Letter: Jim Linville was a teacher of light

Routt County lost a really bright light this week in Jim Linville, lifelong educator, mountaineer, hero, environmentalist, world traveler, human communicator and philosopher. Recently, challenges have galloped ahead of our human ability to cope, and not everyone behaved or reacted well. We could really use more Jim Linvilles in these complicated times.

Jim could help those around him learn to persevere through challenges with a smile, to see beauty everywhere, in nature and in each other. He observed, listened; he was kind, he sought to understand. He assumed he had something to learn, and he brought people along. Isn’t that the true definition of a leader?

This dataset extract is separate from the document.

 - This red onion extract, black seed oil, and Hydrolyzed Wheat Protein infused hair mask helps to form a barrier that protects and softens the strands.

Once, on a cold and windy day in Mongolia, we had to fix a broken fence at an orphanage with our high school students and hosts. Our tools: bowls for digging, rocks for hammers.

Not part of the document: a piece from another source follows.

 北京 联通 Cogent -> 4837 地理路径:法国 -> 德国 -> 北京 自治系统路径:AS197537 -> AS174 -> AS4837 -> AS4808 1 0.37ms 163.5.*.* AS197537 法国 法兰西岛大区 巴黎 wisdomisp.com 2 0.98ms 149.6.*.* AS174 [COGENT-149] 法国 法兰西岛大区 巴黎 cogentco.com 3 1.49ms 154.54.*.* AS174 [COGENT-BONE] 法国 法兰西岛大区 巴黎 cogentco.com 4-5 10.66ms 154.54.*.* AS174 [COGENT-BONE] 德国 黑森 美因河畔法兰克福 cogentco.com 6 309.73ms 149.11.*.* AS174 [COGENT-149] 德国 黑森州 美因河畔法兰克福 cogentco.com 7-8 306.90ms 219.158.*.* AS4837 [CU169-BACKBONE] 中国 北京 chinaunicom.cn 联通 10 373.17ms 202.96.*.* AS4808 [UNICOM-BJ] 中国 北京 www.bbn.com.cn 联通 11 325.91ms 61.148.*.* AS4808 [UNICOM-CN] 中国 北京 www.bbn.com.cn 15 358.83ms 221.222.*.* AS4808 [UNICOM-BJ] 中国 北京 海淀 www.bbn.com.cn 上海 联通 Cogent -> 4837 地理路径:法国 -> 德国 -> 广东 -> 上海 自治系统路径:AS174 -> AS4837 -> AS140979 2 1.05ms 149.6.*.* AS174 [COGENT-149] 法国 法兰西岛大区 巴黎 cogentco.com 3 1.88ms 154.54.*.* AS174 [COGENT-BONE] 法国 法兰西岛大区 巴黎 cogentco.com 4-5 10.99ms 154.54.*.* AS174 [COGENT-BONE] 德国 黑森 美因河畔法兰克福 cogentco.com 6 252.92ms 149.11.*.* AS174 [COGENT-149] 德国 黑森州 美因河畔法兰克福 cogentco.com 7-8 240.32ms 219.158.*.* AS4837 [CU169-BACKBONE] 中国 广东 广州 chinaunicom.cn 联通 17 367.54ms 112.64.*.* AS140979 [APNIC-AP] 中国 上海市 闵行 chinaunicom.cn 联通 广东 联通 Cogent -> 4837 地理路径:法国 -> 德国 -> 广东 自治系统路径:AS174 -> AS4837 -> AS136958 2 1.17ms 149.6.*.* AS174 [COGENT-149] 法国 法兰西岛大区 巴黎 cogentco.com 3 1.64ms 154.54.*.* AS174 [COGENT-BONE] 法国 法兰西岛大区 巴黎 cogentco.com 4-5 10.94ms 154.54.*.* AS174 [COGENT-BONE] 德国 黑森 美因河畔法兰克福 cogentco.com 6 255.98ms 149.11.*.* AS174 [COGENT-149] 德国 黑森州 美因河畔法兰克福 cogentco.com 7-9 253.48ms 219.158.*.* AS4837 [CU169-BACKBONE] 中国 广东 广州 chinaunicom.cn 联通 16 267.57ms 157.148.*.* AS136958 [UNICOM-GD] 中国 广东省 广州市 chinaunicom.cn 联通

Me: “We’ll never get the kids to do this.”

Jim: “This is going to be fun!”

Being an engineer helped, (he was), and a carpenter (he was that, too), but it was how he went about it with us. We had a ball, made lifelong friends and got that fence built. Language and culture were not a problem.

He worked with groups tackling tamarack on the river systems, helped snowmobilers get along with backcountry skiers, rescued endless lost and injured hunters. He led students up 14ers, “freed our heels and our souls” on telemark skis and guided incredible trips through the wilds of Africa.

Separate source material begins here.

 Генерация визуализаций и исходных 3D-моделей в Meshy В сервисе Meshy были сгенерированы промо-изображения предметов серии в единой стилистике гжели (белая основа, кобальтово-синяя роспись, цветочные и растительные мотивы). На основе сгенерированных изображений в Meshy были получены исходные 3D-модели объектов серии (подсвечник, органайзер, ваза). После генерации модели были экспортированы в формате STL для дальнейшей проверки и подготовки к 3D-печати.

He spoke Swahili. Really? His French, algebra and geography classes were challenging but beloved. He modeled perfectly the mission of Steamboat Mountain School, previously Whiteman, where he had a huge role in raising me as a teacher. I knew it was a rare gift to be around him.

I leave you with Jim’s method of quickly integrating a group of people. Picture him lining us up, side by side, holding hands. Then he’d duck under the linked hands of those in the line, weaving in and out, saying, “Don’t let go! Hold on! Trust me!”

We would become impossibly tangled, and after much giggling and silliness, finally … ta da! We were side by side again. How did he do that? My answer, together, with gusto, understanding, trust, empathy, kindness, laughter and, finally, optimism. That’s the secret.

Thank you, Jim Linville. God Bless you on your next grand adventure.